EigenstratFormat.jl

Methods for the Eigenstrat format that is commonly used in genetics.

_alleles(bytes::Vector{UInt8}, idx::Int64)

Return the number of variant alleles for a specified individual.

bytes: Row of bytes that encode an SNP for all individuals.

idx: Index of the individual.

_bitpair(byte::UInt8, pos::Int64)

Extract 2 bits from a byte. The bit positions start at 0. Allowed are values 0, 1, 2, 3.

_encode(
    genotype::Tuple{Char, Char},
    byte::UInt8,
    position::Int64,
    reference_snp::Tuple{Char, Char}
)

Encode the given genotype in a byte at the given bitpair position (0..3).

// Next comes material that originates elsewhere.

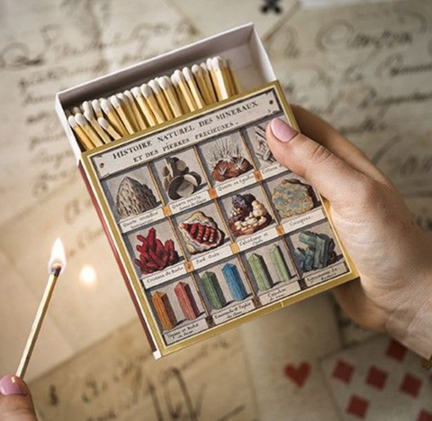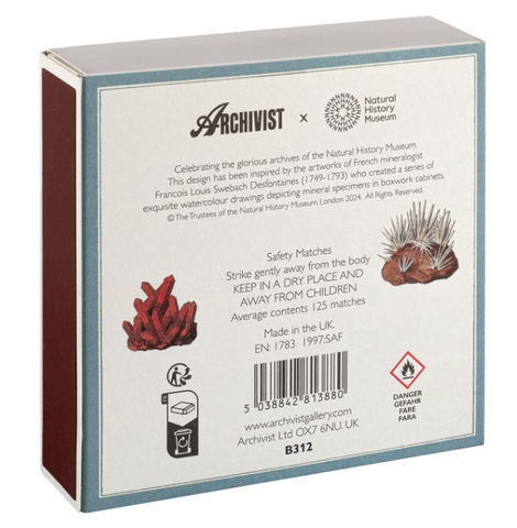 Our signature square matchbox featuring illustrations of twelve minerals in neutral, earthy tones.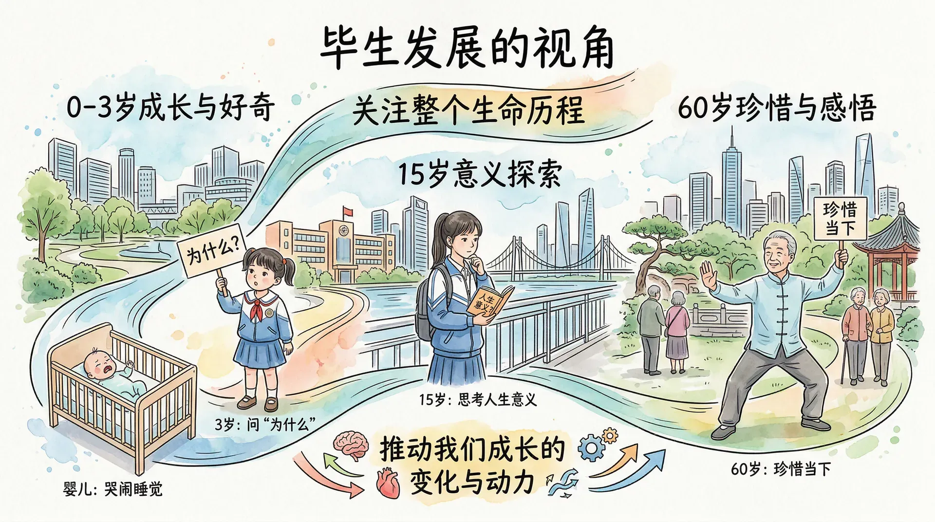刚出生的婴儿只会哭闹和睡觉,三岁的孩子开始问“为什么”,十五岁的少年思考人生的意义,六十岁的老人更懂得珍惜当下。这些变化如何发生?是什么力量推动我们从无知的婴儿成长为智慧的长者?

Each SNP is characterized by a Tuple of two alleles. The reference_snp contains the reference allele and the derived allele.

_hashit(sequence::String)

Calculate the hashsum of a String.

This is basically the same method as in Nick Patterson's original C code.

However, the original C version uses 32 bit integer values and integer overflows which may result in undefined behavior on some machines. This method uses 64 bit integers to circumvent this problem.

This method will probably fail if the sequence contains non-ASCII Unicode characters. I do not know if this is defined in any way.

_hashsum(sequences::Vector{<:AbstractString})

Calculate the hashsum of a Vector of Strings using the _hashit() method.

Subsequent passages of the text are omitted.